Spring 2010 Magazine

Page 4

From Students to Scientists

The Potential for Discovery

Undergraduate Research in the Department of Natural Sciences Dr. Dennis Drake and T. Ryan Sullivan in the chemistry lab. By Kathryn Dunn

“I have no idea how that happened…”

T. Ryan Sullivan, then a junior biology major, stared at his results in the research lab of chemistry professor Dr. Dennis Drake. He had expected to see a decrease in iodine’s absorbance, which would be signaled by a change in color from its inherent deep purple to pink. After running two trials, however, Ryan was stumped: in one trial, the iodine had slowly faded from purple to white. In the second, it remained a deep purple. Ryan understood that there were two possible explanations for what he was observing: he had made an error, or he had discovered something new. After checking and re-checking his work, Ryan was still “banging his head against the wall.”

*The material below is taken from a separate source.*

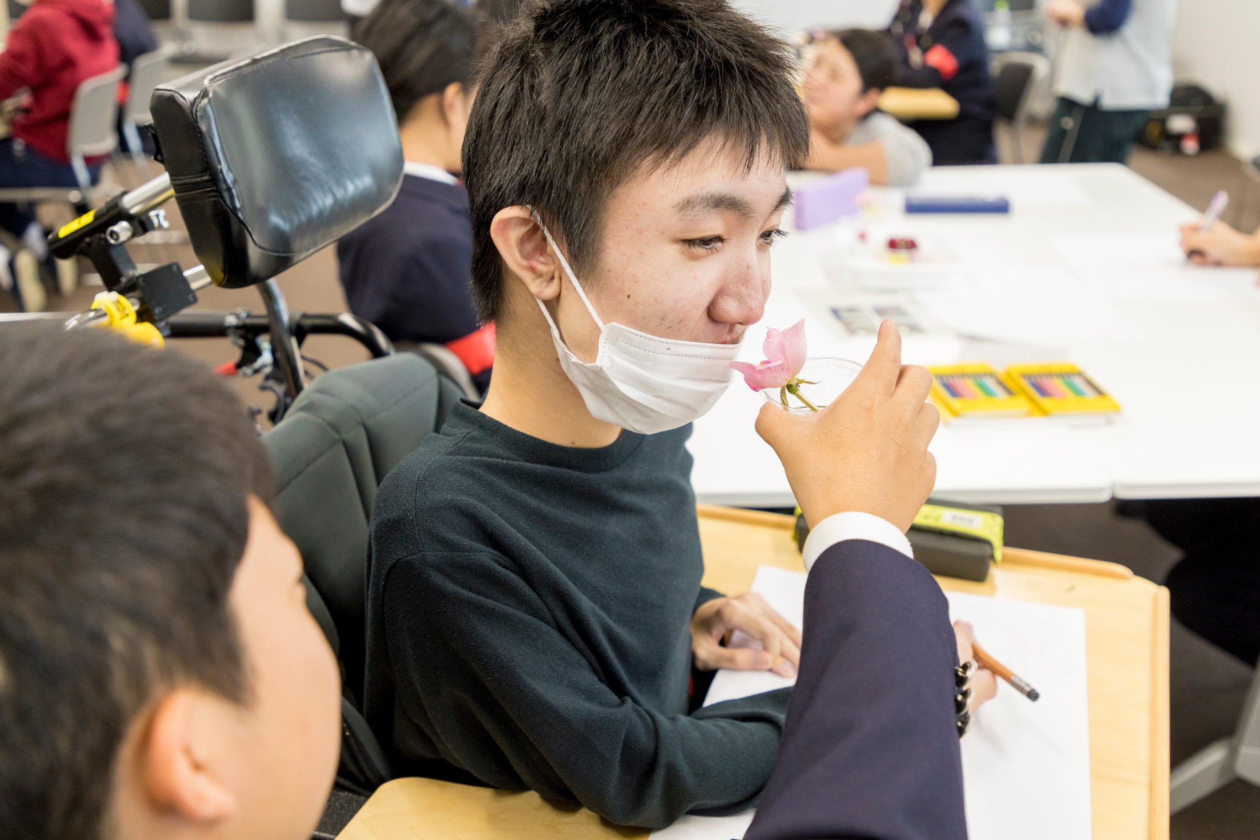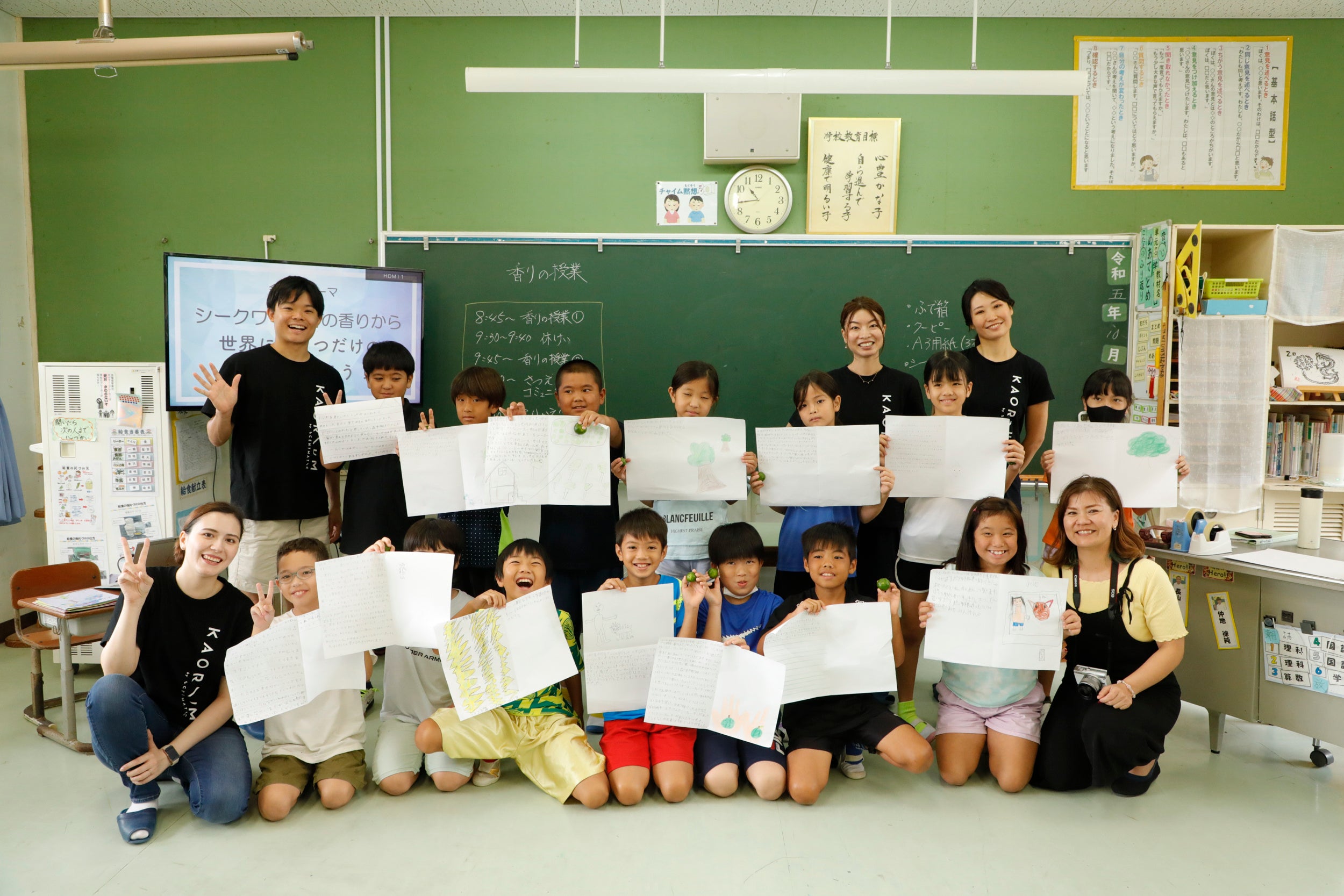 授業では、子供たちが感じた香りを言葉として表現することにより言語能力を養い、香りから物語を創ることで想像力・感性を豊かに広げます。また地元の子供たちが、自分の生まれた地域のものに触れ、深く観察することで、地域の魅力を再確認してもらう機会にもなります。今回、秋田県立比内支援学校では中学部の生徒を対象にバラの香りをテーマに授業を開催しました。名護市立安和小学校では4年生を対象にシークワーサーの香りをテーマに2年連続の開催となりました。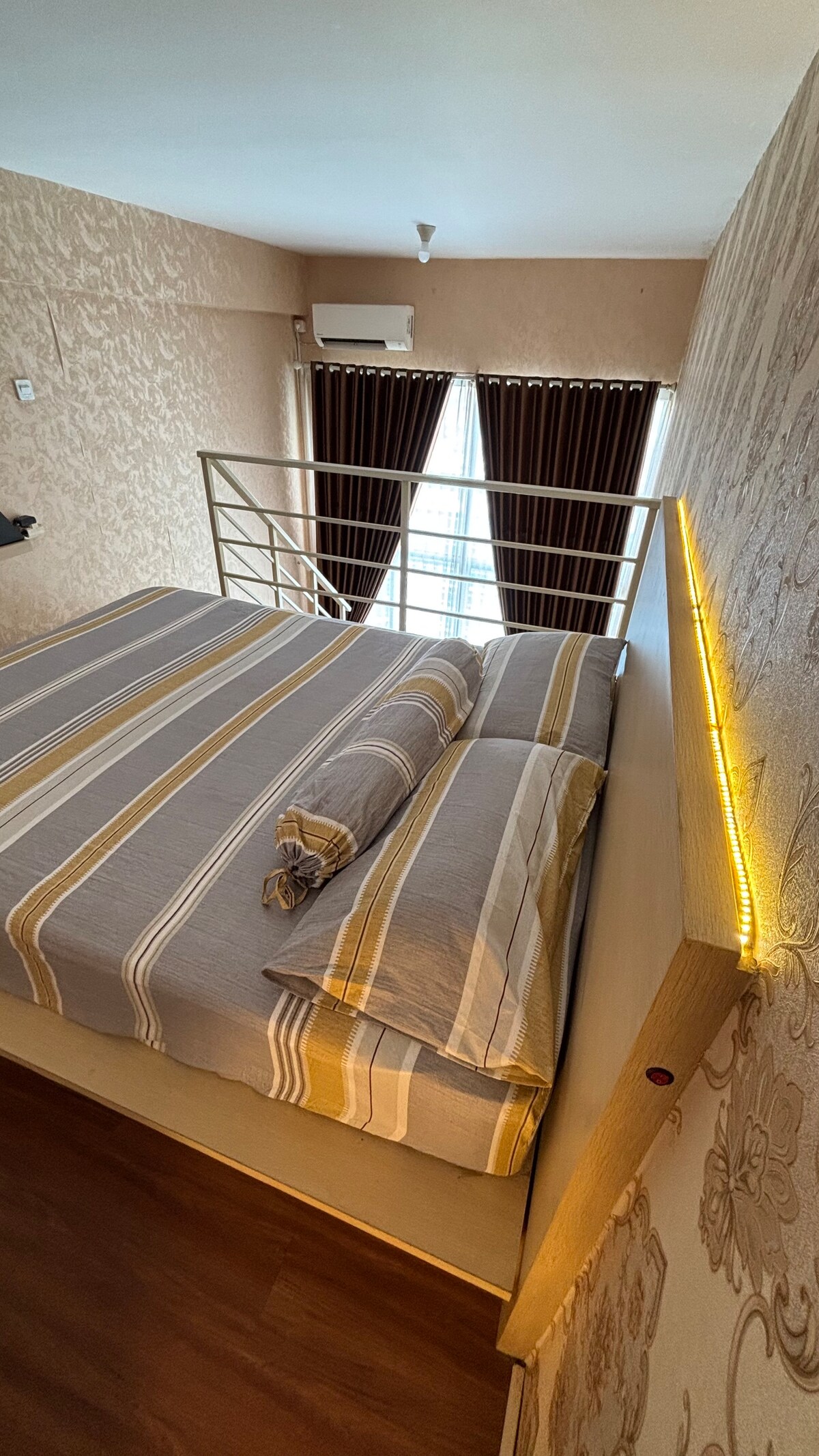 Stay in this cozy 2-bedroom, 1-bathroom apartment located on the 12th floor with stunning city views in the heart of Gresik, East Java. Perfect for long stays, the unit is fully furnished with AC, fridge, TV, and water heater for maximum comfort. Perfect for professionals or small families

Ryan relates the discussion that followed with Dr. Drake: “We both said ‘Oh! That’s something we’ve never seen before!’”

“Research is always beset with setbacks,” Dr. Drake said. “It’s just part of the game. False starts and new starts are all part of the fun.”

“It’s very gratifying to see this learning take place,” Dr. Drake reflects. “Students reach a point where they can approach the self-sufficiency of a graduate student. Ryan reached the point where he literally became a co-investigator. He’d come up with new ideas; we could talk colleague to colleague, not just student to teacher.”

After Ryan spent three days checking his work and applying the analytical approaches he’d learned in the lab, he arrived at a new possibility: maybe the light that triggered the reaction was being absorbed by something else.

Ryan understood that he had turned a corner in his development as a scientist: “Now I was actually thinking on my own.”